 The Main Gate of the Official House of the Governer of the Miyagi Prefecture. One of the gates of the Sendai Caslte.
==
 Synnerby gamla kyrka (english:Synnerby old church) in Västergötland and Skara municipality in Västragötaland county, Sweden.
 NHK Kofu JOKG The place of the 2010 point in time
* * *
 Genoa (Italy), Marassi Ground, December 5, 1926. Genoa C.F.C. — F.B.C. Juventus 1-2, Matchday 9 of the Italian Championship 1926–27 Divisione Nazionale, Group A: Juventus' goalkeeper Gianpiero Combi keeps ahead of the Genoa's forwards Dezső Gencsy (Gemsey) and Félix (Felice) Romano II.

> [WHAT THE TASK REQUIRES]
In the listing above, locate the line containing "Synnerby gamla kyrka" and the line containing "NHK Kofu JOKG", then transcribe both and every line between them verbatim.

> [ANSWER SPACE]
 Synnerby gamla kyrka (english:Synnerby old church) in Västergötland and Skara municipality in Västragötaland county, Sweden.
 NHK Kofu JOKG The place of the 2010 point in time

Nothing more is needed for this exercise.